Come On, Don’t Be Mad…

Me (sheepishly):  Hi, Blog.

Blog (nose in the air,{if blogs had noses}): I’m not speaking to you.

Me:  I know, I don’t blame you.  I’ve been neglecting you and you deserve better than that.

Blog:  Ya think?  What’ve you been doing that’s been SO important that you can’t take the time to come over here and jot something down?  Your memory sucks, that’s why I’m HERE!  (Pouts lip out {if blogs had lips}) I’ve missed you.  You make me feel as if I’m not important, not needed anymore.

Me:  No, no, sweet bloggy, I do need you! I can’t remember anything without your help!  And I’ve missed you too.  But…school ended and it’s summertime and there’s the beach house…

Blog (scoffs): You have internet access at the beach house now…

Me: Yeah, I know.  We don’t have to jack it from Jeff anymore.  I did bring my laptop out last time we went out but you know it’s all f*cked up and the cover has to be propped up and all, so it’s a pain in the neck.  And I had my work friends and Beena, John and Super Jesse and Rob out to the house and we drank a LOT.  Then we went to that free concert on the Riverfront and saw fireworks and drank a LOT.  Before you knew it, it was the Fourth of July and we all went to the beach and drank a LOT.  I don’t remember much of that weekend.

Blog (sotto voce {if blogs had a voice}) You wouldn’t remember anyway…

Me: I’m sorry!  Then, when we got home, I had to make that cake for my manager, Bill.  That took me two days to do…

Blog: At least you got the refrigerator cleaned out.  AND got playing with fondant out of your system.

Me: Yes!  See?  Never again will I play with fondant. Work was crazy, too.  I was busy.  Last week was allocation week.

Blog (interrupting): Yuck, I know how that goes.

Me: And next week Zombiegirl goes to camp.

Blog: So you’ll be on vacation!

Me: Yup.

Blog: So you’ll be able to pay more attention to me?

Me (hesitating): Um, yup…

Blog: WHAT?

Me:  Well, I’m in the middle of working on a few very important things and we’ll probably be at the beach house renovating the kitchen and I wanted to sand the floors in the upstairs hallway at home…

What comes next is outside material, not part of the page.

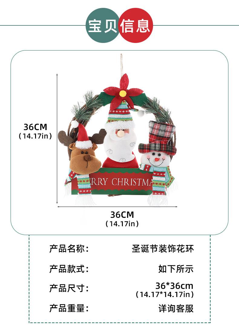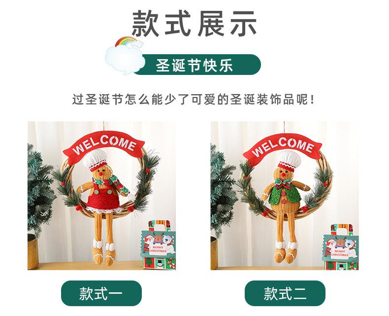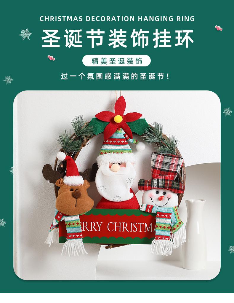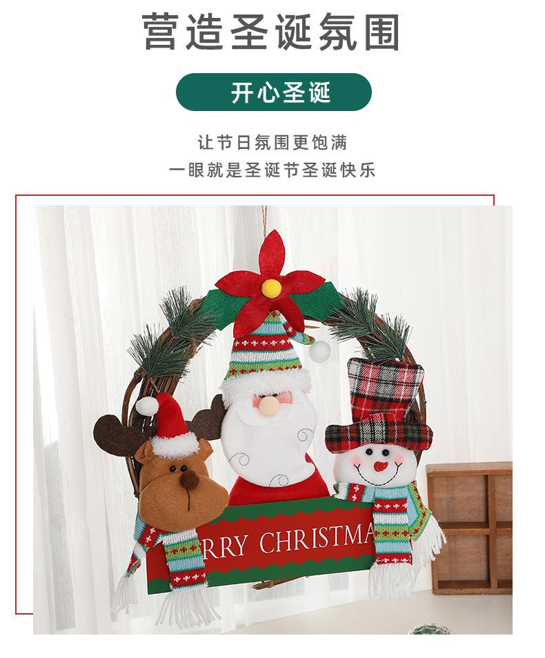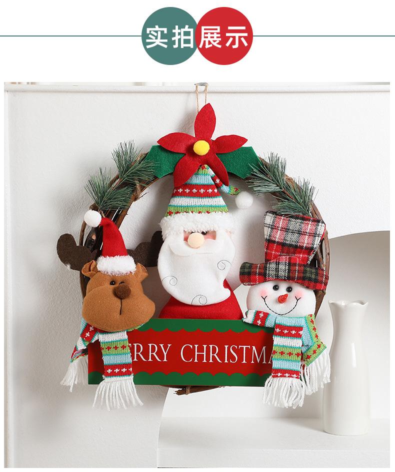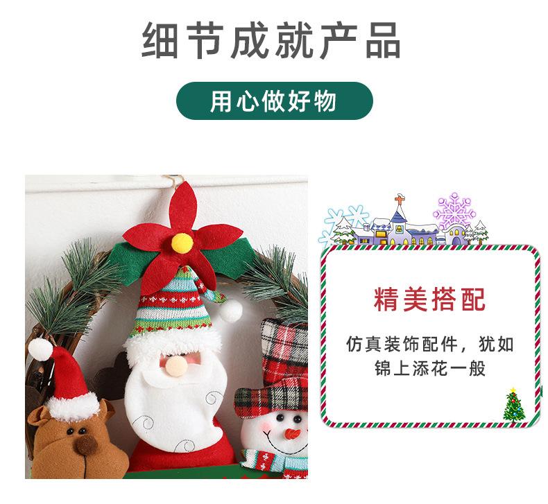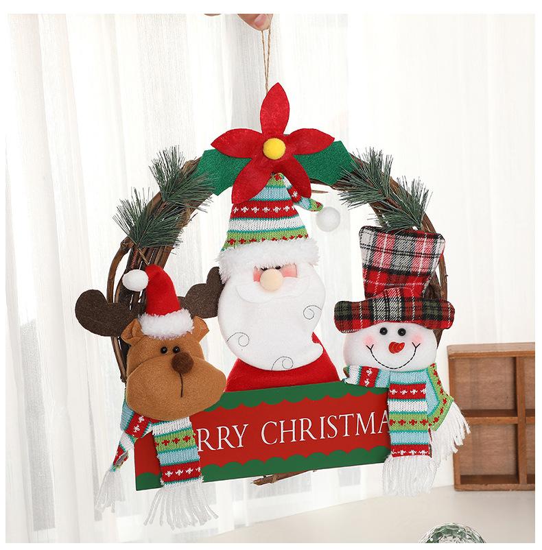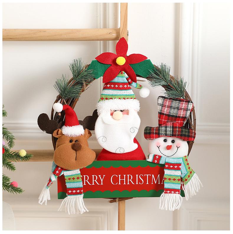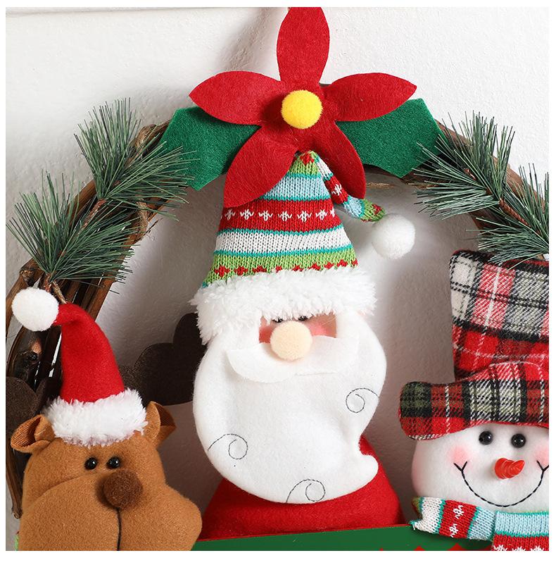 Corona de ratán de muñeco de Navidad de dibujos animados transfronteriza, decoraciones navideñas para el hogar, para colgar en la puerta, accesorios para la disposición de la escena fotográfica

Blog: Riiight.  Like you’ll do any of those things.  Big plans, Mamasoo, big plans that you know you probably won’t get to.  You’ll most likely end up sitting on the beach drinking Coronas waiting for Zombiegirl to go swimming with her camp mates.

Me: Bud Lime.

Blog: What?

Me: Bud Lime.  That’s what I’m drinking these days.  Or Jack and Diet Coke with lime.  Really, anything with lime.

Blog: Argh!  (rolls eyes {if blogs had eyes}) Okay, whatever.  I’m sure you’d much rather be drinking on the beach than doing any of those “important” projects.  Be realistic.  You won’t get anything done, so you’ll have all the time in the world to catch up here with the posts you’ve already drafted and all the stuff you’ve been meaning to write about.  And I need my pictures cleaned out so you can upload more.  You need to post about your dad’s birthday gift to you and you KNOW that post is going to be picture heavy.

Me: Yeah, well, I’ll try.  I do have a lot to write down.   I need to go through my Web Pals and Links I Love pages as well.  Seems I’m not the only one not updating their blog lately.

Blog: Concern yourself with me first before you start visiting other people’s blogs.

Me:  Don’t get your panties in a bunch.

Blog (laughing out loud):  If blogs only wore panties.